# Need help



## Dev4lyf3 (Sep 26, 2021)

My plant has root aphids and I caught on to late can I harvest now?
Everyday my buds are looking more like this


----------



## WeedHopper (Sep 26, 2021)

Could swear I see some webbing.


----------



## Dev4lyf3 (Sep 26, 2021)

WeedHopper said:


> Could swear I see some webbing.


No webbing lol dog hair if it was mites wouldn’t of been so bad but these root aphids mean business and they sucking my plant sugar leaves dry from the roots so my buds are shrinking as we speak gonna cut now.

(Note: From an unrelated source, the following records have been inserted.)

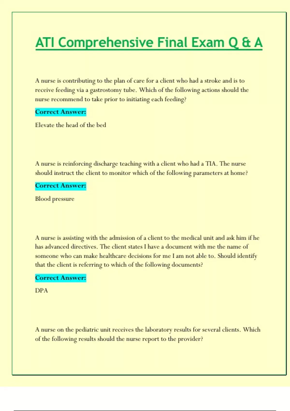 ATI Comprehensive Exam Review (Latest 2024 / 2025 Updates STUDY BUNDLE WITH COMPLETE SOLUTIONS) | Questions and Verified Answers | 100% Correct | Graded A
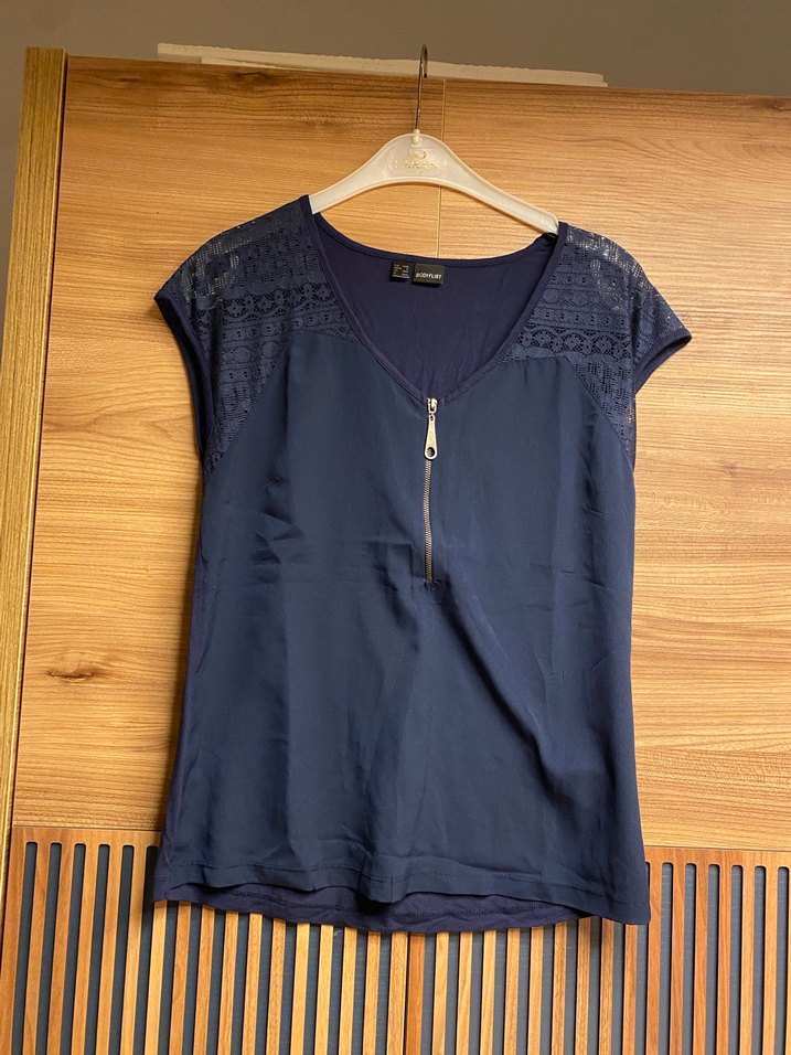 Lacivert renkte, V yaka ve kısa kollu kadın bluz, omuzlarda dantel detaylıdır. Rahat kesim ve önde fermuarı vardır, yumuşak sentetik kumaştan üretilmiştir.
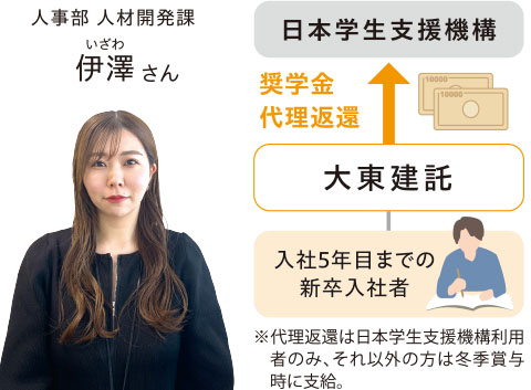 当制度は『若手社員の負担になっている奨学金返済を会社がバックアップする』という制度です。日本の大学生のおよそ50%が利用している奨学金制度。当社の学卒社員においても42%が利用していると回答しています。この制度は、これから入社してくる方だけでなく、既存の社員も対象になります。返済支援により負担が緩和された分、ぜひ自己投資の機会を増やしていただき、大東建託でのキャリア形成につなげてほしい、というのが私たちの願いです。
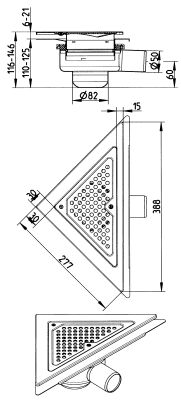 Regulowany Wpust TRIO, trójkatny, odpływ poziom, odpływ fi 50 mm, z kołnierzem do izolacji, niski model
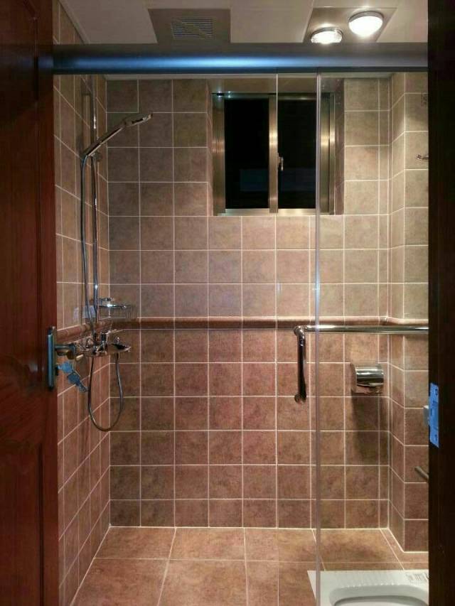 ▲浴室墙地砖铺贴均匀、整齐,柔和的色调让卫生间也变得古色古香。
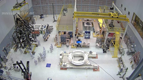 Lots of activity in our cleanroom this morning, including crane lifts of flight hardware! http://jwst.nasa.gov pic.twitter.com/4J1GdADgUK
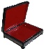 The box is constructed from paper-mache. Black lacquer is used to paint the exterior of the box while red lacquer completes the interior of the work.
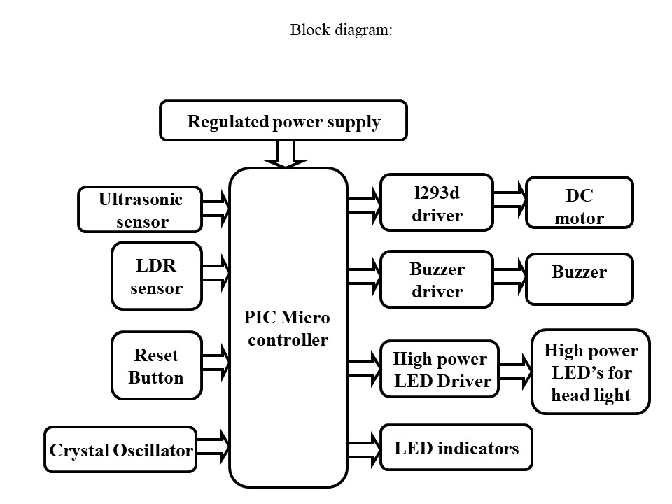 This system uses SR04 Ultrasonic sensor to detect the obstacle, LDR is uses to control the light intensity of vehicle and it measure the light intensity of opposite vehicle. These systems will active the buzzer; when the sensor detects the obstacle. DC motor is used to movies the vehicle.
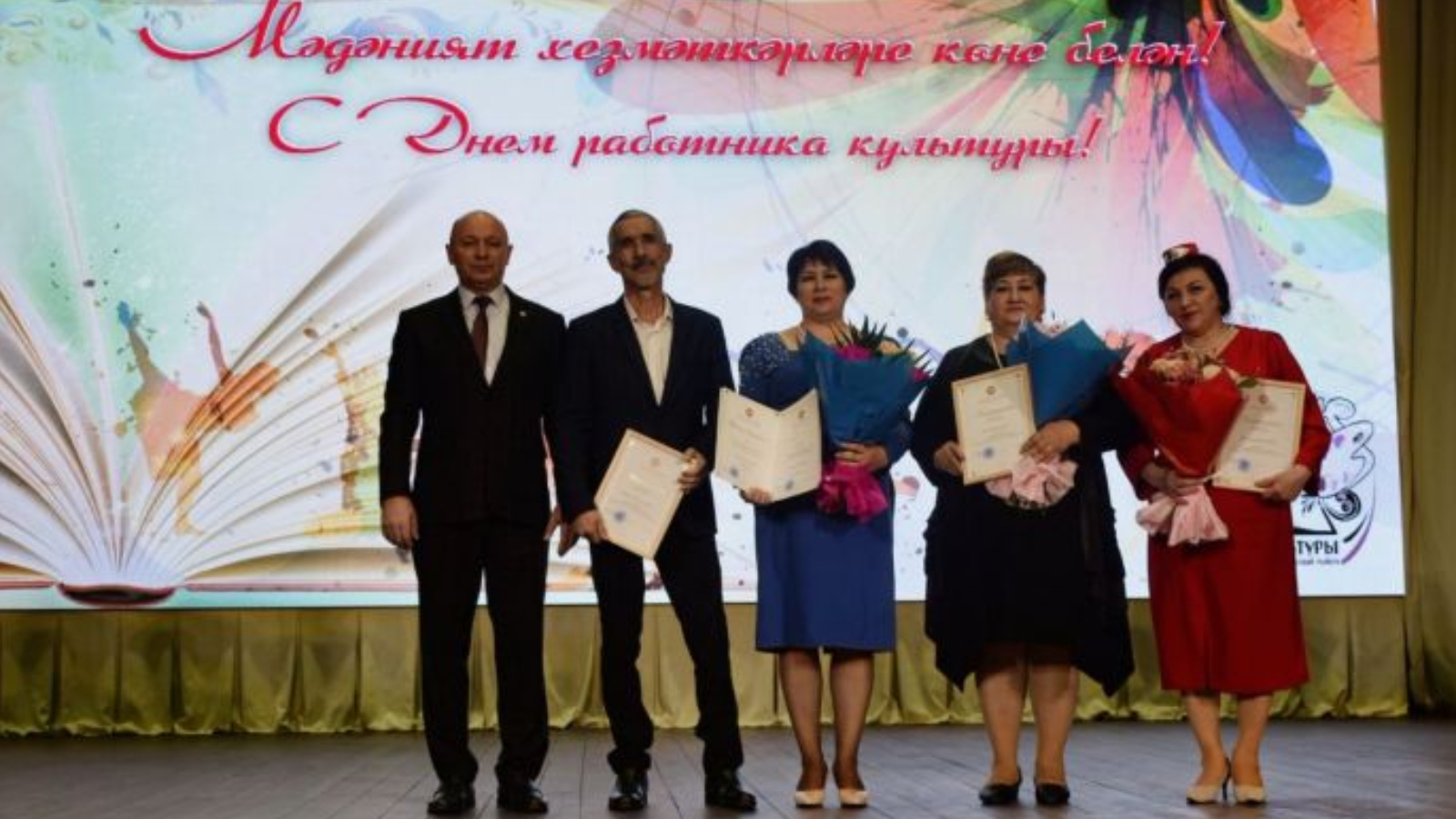 Тәбрикләү сүзләреннән соң, мәдәният өлкәсендә хезмәт куючыларны хөрмәтләделәр. Районда күп еллар эшләүче, зур ихтирамга лаек мәдәният, музей, клуб, мәдәният йортлары, китапханә, балалар сәнгате мәктәбе хезмәткәрләренә, районны республика күләмендә таныткан шәхесләргә Татарстан Республикасы, район башлыгының Мактау грамоталары, Рәхмәт хатлары, истәлекле бүләкләр, чәчәк бәйләмнәре тапшырылды.
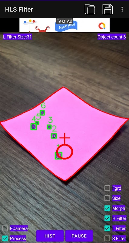 This app can filter camera and file images based on a HLS filter. You can subtract background and foregound objects and save them as a PNG file with a transparent background. Also you can change object colors based on filter values.This app also can count objects based on adjusted settings.
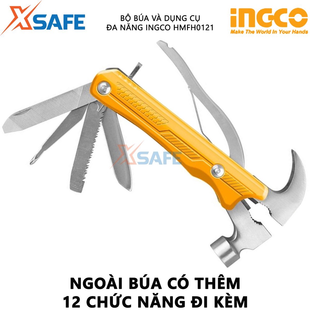 Búa đa năng INGCO HMFH0121 Bộ búa và dụng cụ đa năng 12 trong 1 gồm búa, kềm, dao, cưa, móc khóe, tua vít, giũa, lục gác
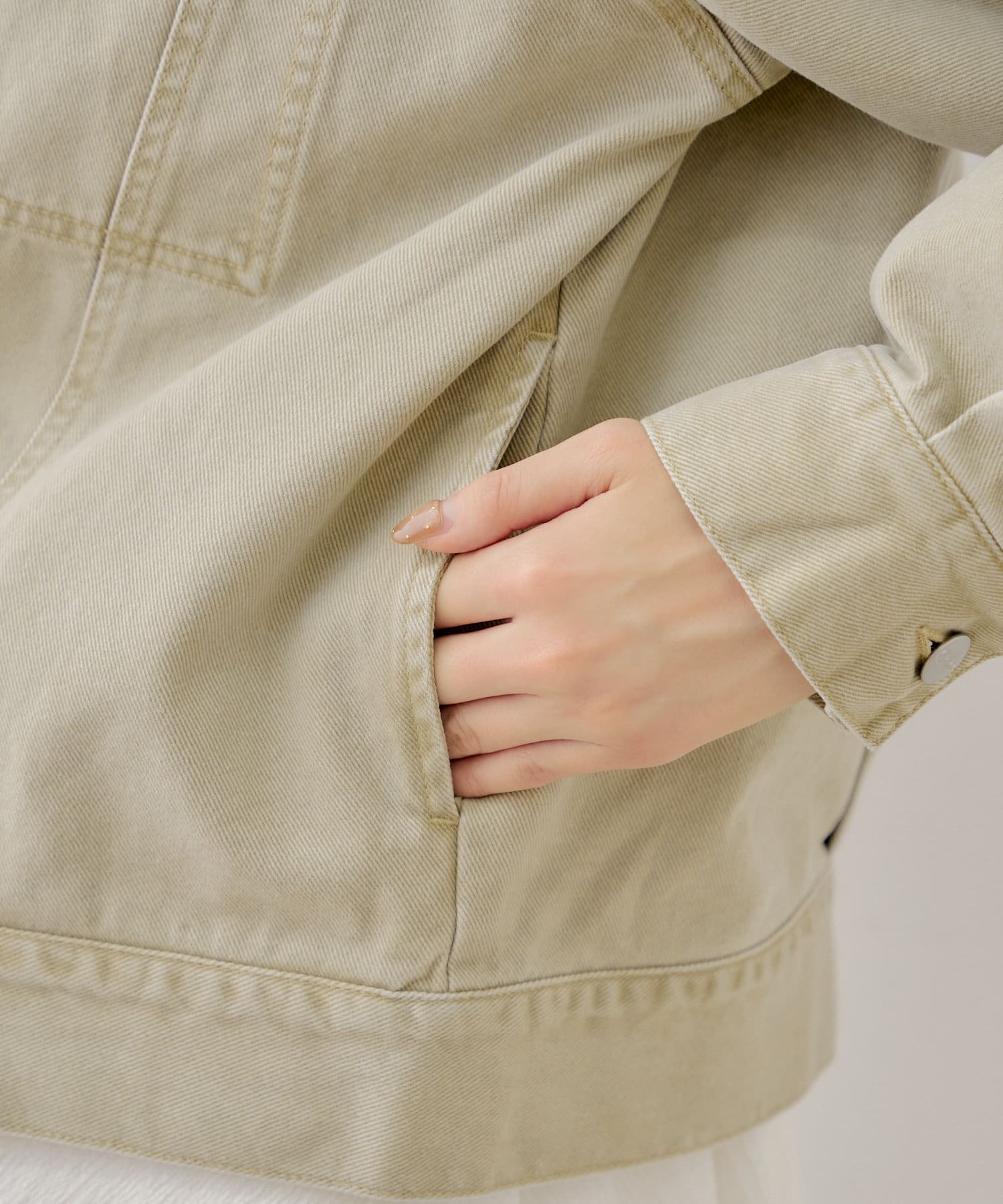 ・袖や裾が内に入るデザインは、カジュアルなGジャンも女性らしいシルエットが叶います。
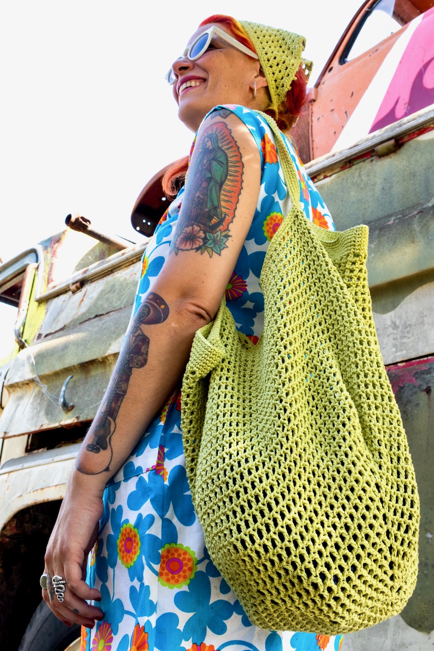 Mulher com vestido floral e bolsa verde de malha junto a um veículo envelhecido

Cut my losses before I lose my whole tent to these guys


----------



## Dev4lyf3 (Sep 26, 2021)

Dev4lyf3 said:


> No webbing lol dog hair if it was mites wouldn’t of been so bad but these root aphids mean business and they sucking my plant sugar leaves dry from the roots so my buds are shrinking as we speak gonna cut now. Cut my losses before I lose my whole tent to these guys


----------



## bigsur51 (Sep 26, 2021)

check the color of your trichomes

if it’s to your liking , harvest it

if you have a couple of weeks , get some Pyganic  , spray , harvest a week later


----------



## Dev4lyf3 (Sep 26, 2021)

bigsur51 said:


> check the color of your trichomes
> 
> if it’s to your liking , harvest it
> 
> if you have a couple of weeks , get some Pyganic  , spray , harvest a week later


I think that spray wouldn’t help at this point considering they have been in my pot for a while now, I posted trichomes if it’s safe to cut I will cut if I wait any longer I will lose more bud production each day goes by I lose 2-3 due to these vampires sucking my roots dry


----------



## Dev4lyf3 (Sep 26, 2021)

bigsur51 said:


> check the color of your trichomes
> 
> if it’s to your liking , harvest it
> 
> if you have a couple of weeks , get some Pyganic  , spray , harvest a week later


I will try it your way I have faith in you growing vets still learning so I’m a put her back in the tent hope for the best.


----------



## Slowflow (Sep 26, 2021)

Hi All I am new to the forum. I read so much great knowledge from here.  I have been growing off and on and want to get get more knowledge.  My last crop was decent, however one of my plants around the 3rd month started growing 3 finger leaves and would keep growing like that.  The buds came out real small and week. I looked it up and people have said it’s the photo period.  I grow outdoor. Does anyone have any solutions. Has this happened to anyone.  Could it have been from stess

Thanks


----------



## bigsur51 (Sep 26, 2021)

Slowflow said:


> Hi All I am new to the forum. I read so much great knowledge from here.  I have been growing off and on and want to get get more knowledge.  My last crop was decent, however one of my plants around the 3rd month started growing 3 finger leaves and would keep growing like that.  The buds came out real small and week. I looked it up and people have said it’s the photo period.  I grow outdoor. Does anyone have any solutions. Has this happened to anyone.  Could it have been from stess
> 
> Thanks



hey there Slowflow.....please start a new thread on your problem so we don’t muck up Dev’ thread....

thanks


----------